_INSTRUCTIONS TO FOLLOW_: From the line that includes "豆電球、乾電池、ソケット、導" to the last line of the records that follow, copy every line exactly and nothing more, omitting pictures.

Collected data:
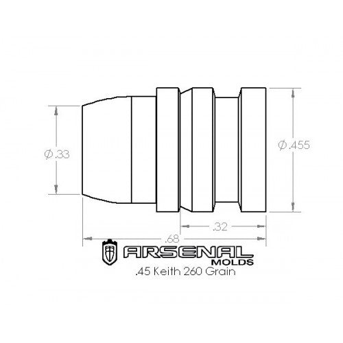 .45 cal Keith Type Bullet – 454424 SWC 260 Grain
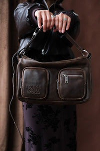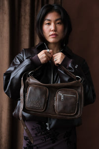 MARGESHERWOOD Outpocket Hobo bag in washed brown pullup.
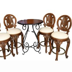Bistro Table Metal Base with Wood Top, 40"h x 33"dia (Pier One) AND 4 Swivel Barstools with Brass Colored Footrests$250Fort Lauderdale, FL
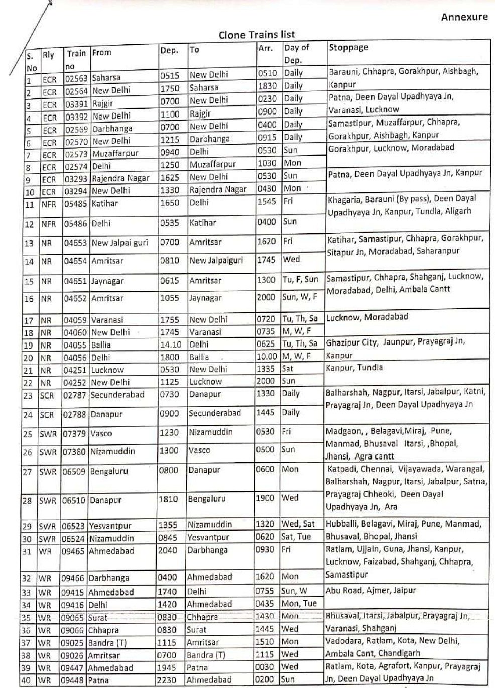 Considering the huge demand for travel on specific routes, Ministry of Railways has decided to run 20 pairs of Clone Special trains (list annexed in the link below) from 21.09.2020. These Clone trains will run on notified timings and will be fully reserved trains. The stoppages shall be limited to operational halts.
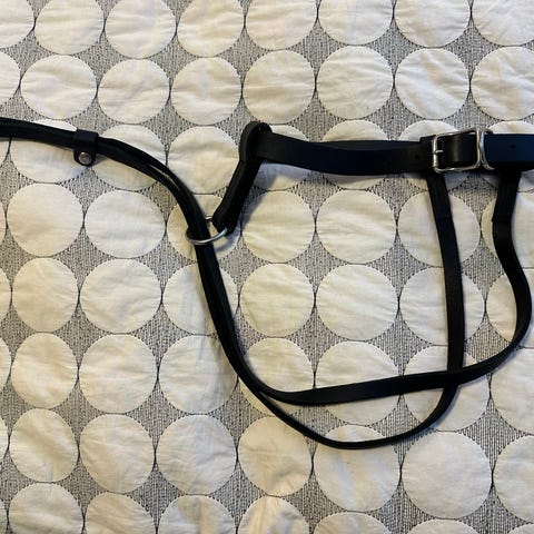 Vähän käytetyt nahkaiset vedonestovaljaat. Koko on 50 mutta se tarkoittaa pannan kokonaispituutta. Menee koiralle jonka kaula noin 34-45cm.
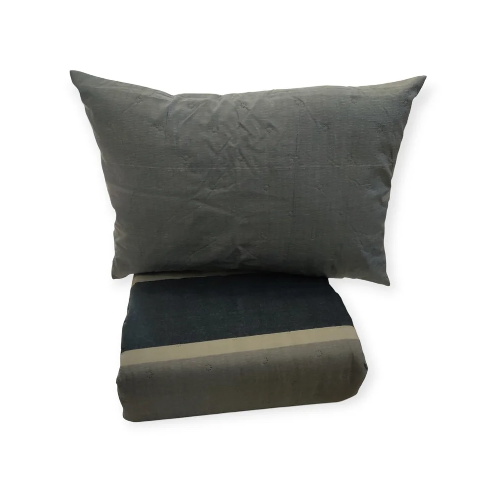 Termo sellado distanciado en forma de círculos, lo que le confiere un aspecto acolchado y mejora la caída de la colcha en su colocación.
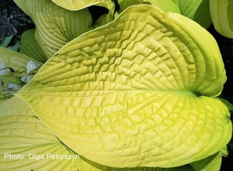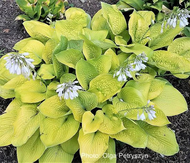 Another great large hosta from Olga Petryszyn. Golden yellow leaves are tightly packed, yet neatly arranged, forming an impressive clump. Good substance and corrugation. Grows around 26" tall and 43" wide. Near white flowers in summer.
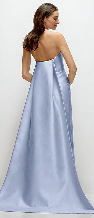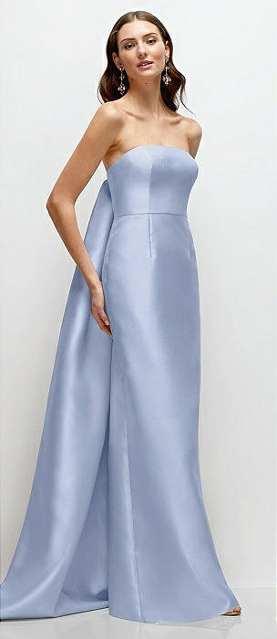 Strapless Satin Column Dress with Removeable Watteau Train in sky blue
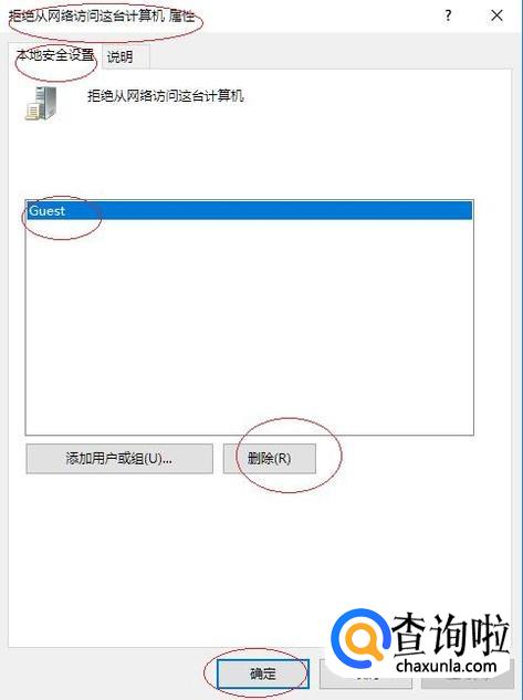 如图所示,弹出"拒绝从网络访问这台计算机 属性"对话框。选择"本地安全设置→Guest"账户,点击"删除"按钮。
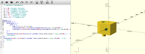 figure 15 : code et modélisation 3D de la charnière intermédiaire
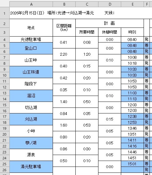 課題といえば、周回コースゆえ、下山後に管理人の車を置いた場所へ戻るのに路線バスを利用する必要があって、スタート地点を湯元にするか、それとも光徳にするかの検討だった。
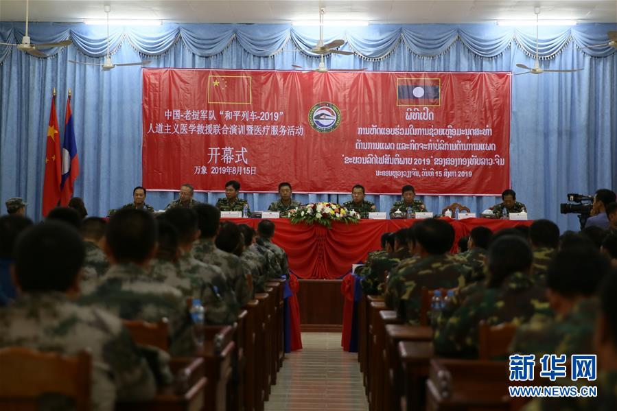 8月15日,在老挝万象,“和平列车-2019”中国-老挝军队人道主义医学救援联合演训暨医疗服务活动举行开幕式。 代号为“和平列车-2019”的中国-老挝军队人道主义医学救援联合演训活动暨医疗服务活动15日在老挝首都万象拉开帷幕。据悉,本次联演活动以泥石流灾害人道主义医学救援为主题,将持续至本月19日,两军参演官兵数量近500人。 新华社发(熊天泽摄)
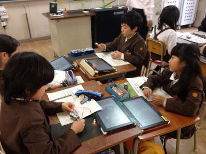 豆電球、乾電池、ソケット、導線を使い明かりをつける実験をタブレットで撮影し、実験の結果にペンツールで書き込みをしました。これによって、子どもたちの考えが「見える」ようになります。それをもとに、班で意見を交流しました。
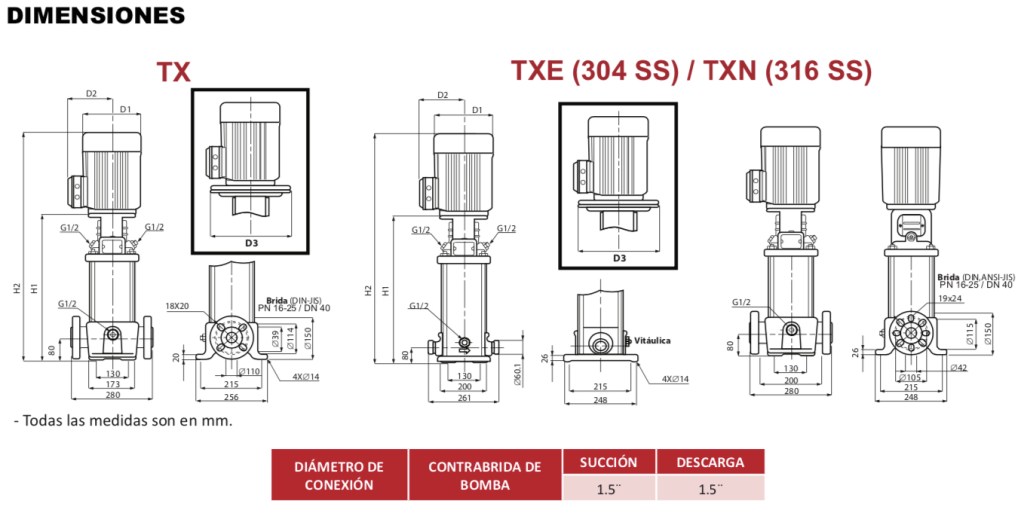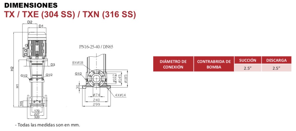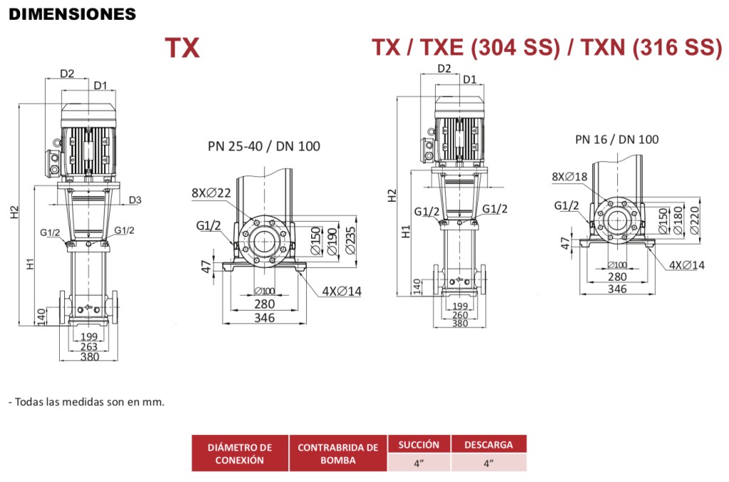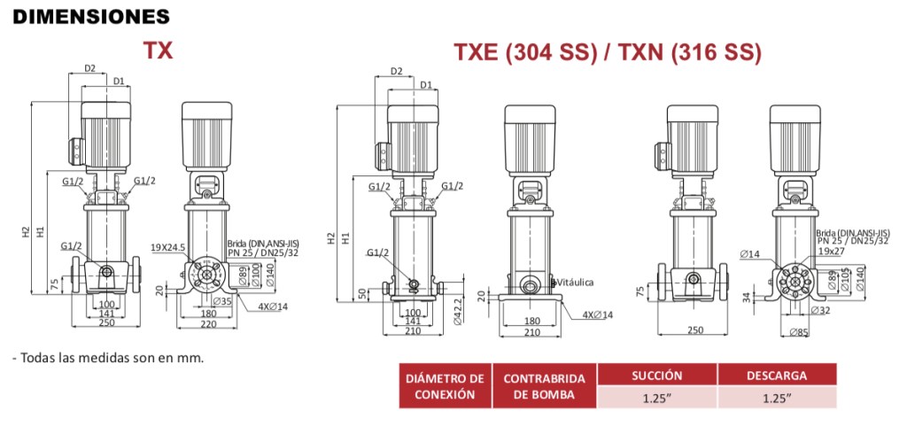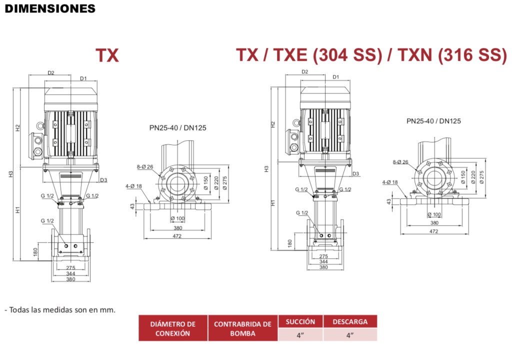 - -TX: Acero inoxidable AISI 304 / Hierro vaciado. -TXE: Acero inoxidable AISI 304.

_ANSWER SECTION_:
 豆電球、乾電池、ソケット、導線を使い明かりをつける実験をタブレットで撮影し、実験の結果にペンツールで書き込みをしました。これによって、子どもたちの考えが「見える」ようになります。それをもとに、班で意見を交流しました。
 - -TX: Acero inoxidable AISI 304 / Hierro vaciado. -TXE: Acero inoxidable AISI 304.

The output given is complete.